About this exercise | Of all the entries below, only the lines from the one with "4.Кир Спарғапты алдап" up to and including the one with "For Infinix Note" are to be duplicated exactly.

Data for this task |

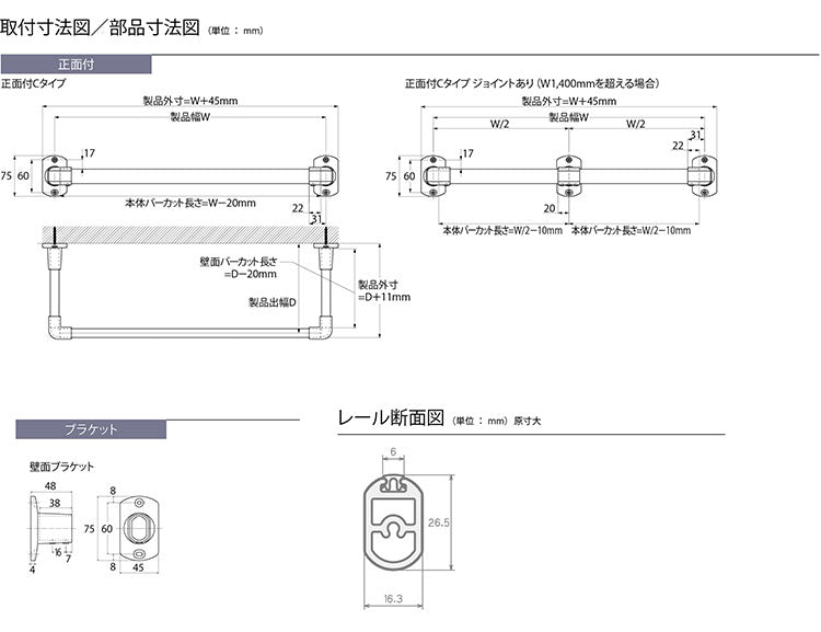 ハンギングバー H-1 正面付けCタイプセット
--
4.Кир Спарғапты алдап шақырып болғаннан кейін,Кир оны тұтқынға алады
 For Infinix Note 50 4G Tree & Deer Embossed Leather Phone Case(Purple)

Response to the task |
4.Кир Спарғапты алдап шақырып болғаннан кейін,Кир оны тұтқынға алады
 For Infinix Note 50 4G Tree & Deer Embossed Leather Phone Case(Purple)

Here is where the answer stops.